The International Steam Pages


Penang Hills and Trails - Temple with the View Circular 2016
Nearly back up to Speed.

This is one of a series of pages on walking the hills of Penang, click here for the index. This is a Grade 2 walk. There is a sketch map at the bottom showing the route followed.

Please visit my Penang buses page for information on accessing the starting point.


It's November 2016 and we're back for another action packed season of Penang hikes, regular reports will appear here until March 2017.

This walk is essentially the reverse of the Zig-Zag (to) Heaven one from February 2016 although with significant diversions.


I'd suffered a computer failure which was diagnosed as a life expired power supply. One of the many features I love about Penang is the 'little man' who provides traditional service and in this case Mr. Soo from near Island Plaza drove round in the morning next day before he opened his shop and fitted a brand new one in 15 minutes at a price which had me asking if it was enough; it would have cost me nearly half of it to take a taxi to get the computer to him and back home again.
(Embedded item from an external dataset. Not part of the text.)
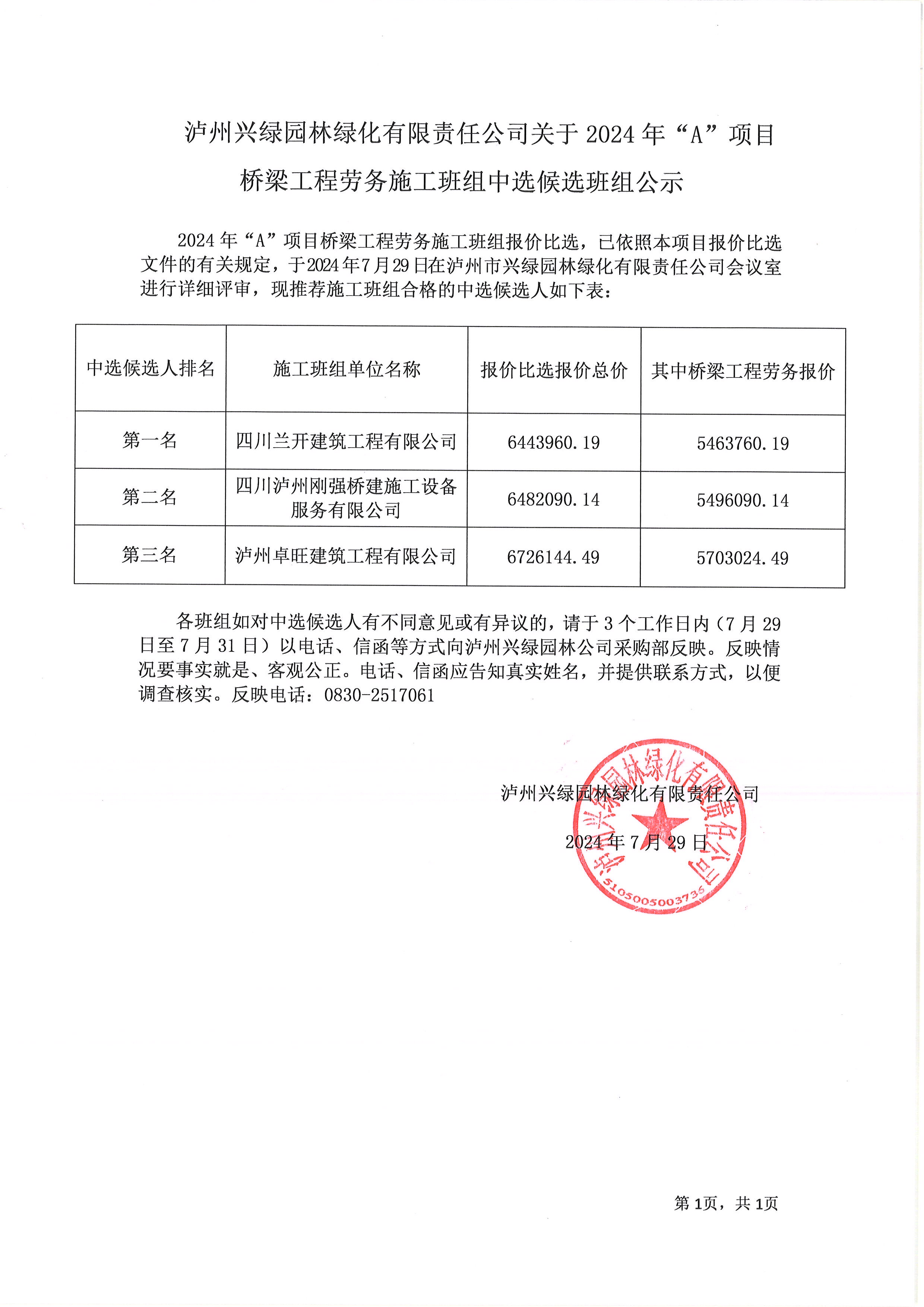 瀘州興綠園林綠化有限責任公司關于2024年“A”項目橋梁工程勞務施工班組中選候選班組公示

Every year, we go away for 8 months and in the first week we are back, lots of very ordinary people from bus drivers to hawkers to farmers in the hills go out of their way to say how pleased they are to see us again, it's that sort of place. Our dreadful new neighbours, British alas, know nothing about Penang and have refurbished their flat disrupting the lives of all around for months on end and as a 'coup de grace' have now added a ghastly stainless steel cage around their front door, it's exactly the sort of thing I would have expected if they had been newly rich mainland Chinese. It'll keep the monkeys out I suppose but since the only break-ins in our condo in living memory have been inside jobs, it's an ugly waste of money and is currently acting as a trap for wind bound leaves.
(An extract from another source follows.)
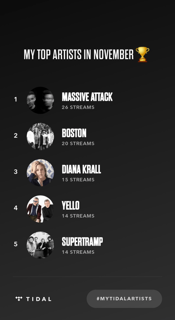 My Tidal streaming report for November features all well-known artists. The lesser-known artists didn’t make it into the top five, probably because I only listen to one or two audiophile-quality songs from them during the month.

With the computer restored by 09.00 we were able to follow Plan A which was to approach the Temple with the View from the west and descend to the east. It was overcast which meant the walk out from Balik Pulau was cool but incredibly humid. We turned left to go up past the cemeteries. Among the plants present were what Yuehong assures me are Oleanders, just like we were gifted as cast offs back home in the summer. I'm not sure how they will survive our absence.

It's an atmospheric walk with a gentle climb through fruit orchards of durian and mangosteen with the odd rubber tree.

Eventually we had to climb the zig-zags and leave the valley floor behind. At one point heavy rains had caused a land slip which will need sorting before the next rains come.

Near the top of the climb are two tracks to the right, the first is gated, visitors are so unwelcome that electricity meter readings are written on the board. Fortunately, there are no such problems with the second which is the one I wanted to take. for the record it's at pole HT BI 10.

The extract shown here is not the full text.